В 30-е годы сама политическая ситуация требовала более сложного подхода ко многим общественным проблемам. Знаменательно в этом отношении выступление Г. Димитрова на VII Конгрессе Коммунистического интернационала в 1935 г., в котором содержались положения, определявшие развитие литературы, связанной с революционным движением: «Мы враги всякой схематичности. Мы хотим учитывать конкретную обстановку в каждый момент и в каждом данном месте, а не действовать по определённому шаблону…» 43. Сохраняя свой боевой накал революционная литература стремится к более глубинному, а, стало быть, более художественному постижению жизни. Обращение к широкой эпике в области романа — одно из проявлений этих тенденций. Общность развития сказывается в том, что теперь проникновение в глубинные духовные сферы человеческой индивидуальности привело к большему использованию классической традиции и в то же время к поискам новых средств расширения эпичности романа, позволяющих ему подняться к синтетическому охвату широких сфер действительности как единого исторического процесса.
Искания чешского романа, создаваемого революционными писателями, вдохновлёнными социалистической идеологией, как и в 20-е годы, шли в разных направлениях и отличались большим многообразием.
В 30-е годы в чешском революционном лагере, по существу, не существовал конфликт между «традиционалистами» и «модернистами». С. К. Нейман, который в 30-е годы был одним из самых страстных пропагандистов социалистического реализма, понимал реализм не как «традиционную классификацию, строго отвечающую определённой номенклатуре понятий педантичных буржуазных искусствоведов», а как «положительное отношение к действительности». Он уверенно заявляет: «…если бы мы понимали реализм только как определённую форму, мы бы слишком ограничивали свободу художника в выборе изобразительных средств, его творческую индивидуальность и самое понятие жизни в искусстве…» 44. Как мы видим, эта широта художественной концепции не вела к размыванию берегов реализма и сочеталась с принципиальностью в понимании его идейно-художественных задач.
Разнообразие путей чешских революционных художников сказалось в поисках синтетичности в романе 30-х годов. Особым был путь Владислава Ванчуры, который в основном направлении совпадал с устремлениями других художников, стремившихся к созданию эпического романа широкого дыхания.
Современная критика в момент выхода романа «Три реки» (1936) встретила его с некоторым недоумением. Так, один из критиков левого направления Б. Полан писал: «Мастер слова как будто после годов отважных исканий возвращается к старым правилам романного построения, при котором многое зависит от развития человеческой индивидуальности и от прочного органического сочетания эпической конструкции с живыми внутренними силами действующих лиц» 45.
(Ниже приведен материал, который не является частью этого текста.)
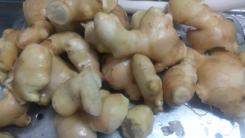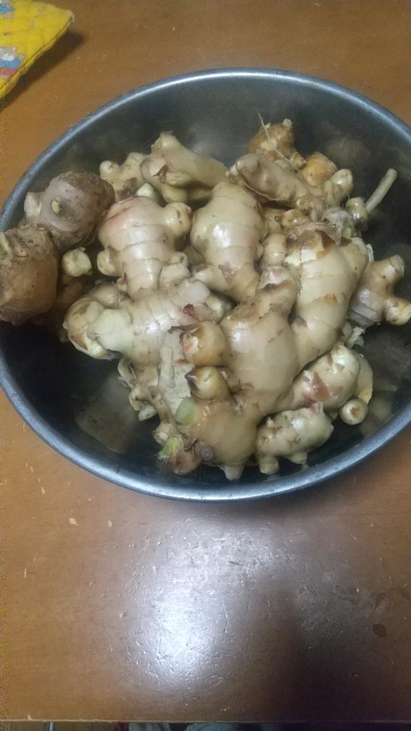 皮をむくのに大変だと思ったが、汚いところだけ採ると薄皮はきれいだったし、市販の生姜も皮なり使う事もあるので、まだ良かった。
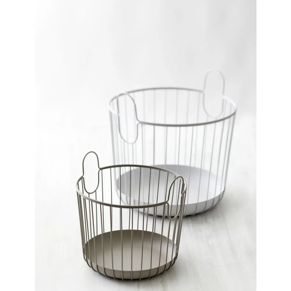 Flot metalkurv til håndklæder eller vasketøj i badeværelset, puder, tæpper og magasiner i stuen – eller til store grønne planter overalt i boligen. Kurvene fås i to størrelser, som kan stables. Det er lækkert interiør, som giver øjet ro.
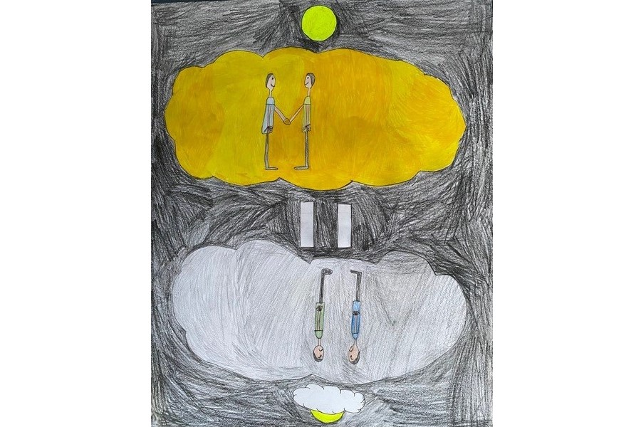 Das Motto in diesem Jahr war kein einfaches – Miteinander. Einig. Ihr habt Euch viele Gedanken dazu gemacht, habt Bilder daraus gemalt und Eure Kunstlehrer/innen haben Euch bestimmt in den Prozessen gut begleitet.
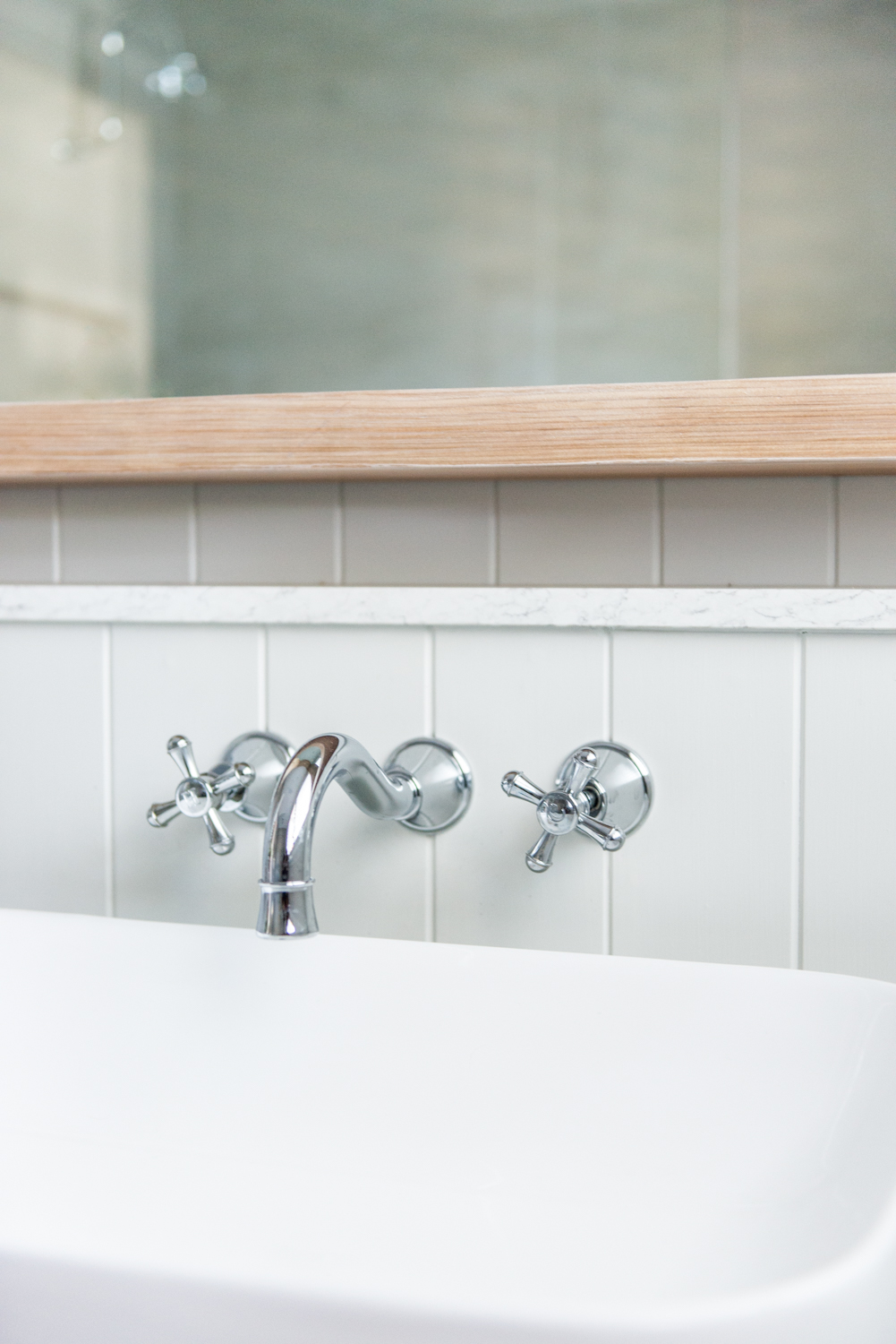 With this in mind, for Toowoon Bay Renovation we knew we were going to continue with Oak Cabinetry used in our upstairs bathroom (Check out all the details in ‘Upstairs Bathroom Reveal’) We designed this vanity and had it custom made at Loughlin Furniture. Leather handles from Made Measure We also loved the mix of Easycraft ‘EasyClad’ and ‘Devonshire 150x75mm Subway Tiles’ from Beaumont Tiles, so continued with this theme.
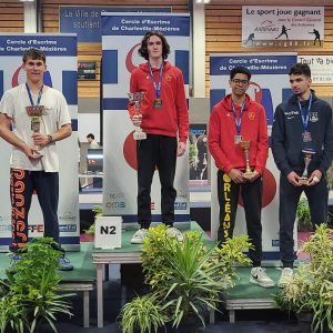 Des places d’honneur également pour nos tireurs puisque Clémence Verley de Thonon qui est encore M13 cette saison prendra la 6ème place au sabre Dames, Circée Desmeret de St Paul finira 7ème à l’épée Dames et Théolan Vildrac de Tassin finira quant à lui 6ème à l’épée Hommes.
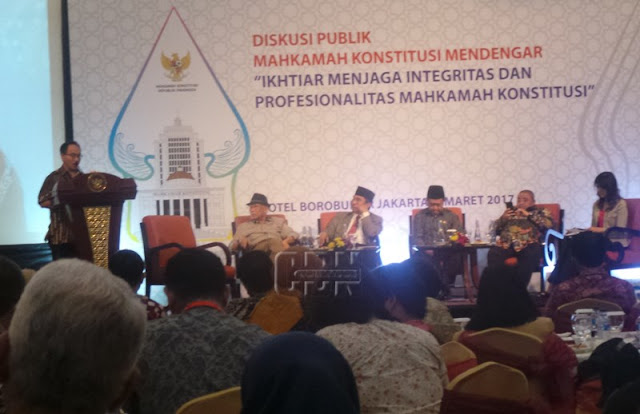 JAKARTA — Berbeda dengan pemaparan Jimly Asshiddiqie tentang pembenahan sistem dan budaya kerja di Mahkamah Konstitusi (MK), dimana harus membenahi kinerja internal khususnya mengenai hakim konstitusi, Ketua Komisi Yudisial, Prof. Dr. Aidul Fitriciada Azhari, S.H., M.Hum, melihat pembenahan lembaga MK dalam perspektif lain.
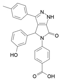 CID16020046 is a compound which acts as an inverse agonist at the former orphan receptor GPR55,[1] and may be the first selective inverse agonist characterised for this receptor. It was found to block a number of GPR55 mediated responses such as wound healing and activation of immune system T-cells and B-cells, as well as showing inverse agonist activity in the absence of GPR55 agonist stimulation. However while it was found to have good selectivity over the related CB1 and CB2 cannabinoid receptors as well as a number of other targets, CID16020046 has not yet been tested against another related receptor GPR18, so its selectivity for GPR55 over this target has not been established.[2] It has antiinflammatory actions,[3][4][5] has been used to study the interaction between GPR55 mediated and CB1 mediated activity,[6] and research using this compound has revealed a role for GPR55 in learning and memory.[7][8]

В то же время критик отмечает, что этот роман — новый успех Ванчуры, продолживший его поиски эпического повествования, отличающиеся от устремлений основной массы чешских прозаиков, и выводящие писателя на другую дорогу: «Если наш вызывающий восхищение и, во всяком случае, удивление романист всегда стремился совершенно избежать сентиментальности и психологического крохоборчества и подняться к эпическим высотам по пути, проложенному Сервантесом и Рабле, то и его новая книга не отходит от этого направления исканий» 46.
Действие «Трёх рек», как и действие романа Кратохвила «Истоки», происходит в значительной степени в революционной России.
Конечно, не случайно и то, что пространственный охват романа широк, и то, что изображение революционных событий играет центральную роль в композиции романа. Вообще создание широкого повествования в это время отвечало прежде всего попытке увидеть судьбу родного народа и человечества в больших исторических масштабах, чему способствовала и возможность обозреть происходящее с некоторой исторической дистанции. А при таком угле зрения события войны и Октябрьская революция становились теми центральными пунктами которые позволили понять современность в её исторических свершениях.
В центре романа Ванчуры теперь история жизни героя, крестьянского сына Яна Костки, который, только поступив в университет, попадает на фронт, сдаётся в плен и участвует в революционных событиях в России, а затем возвращается на родину убеждённым революционером. История героя позволяет Ванчуре дать очень широкий разрез эпохи, он с глубоким сочувствием изображает борьбу русского народа, рассматривая события в революционной России как средоточие мировой истории.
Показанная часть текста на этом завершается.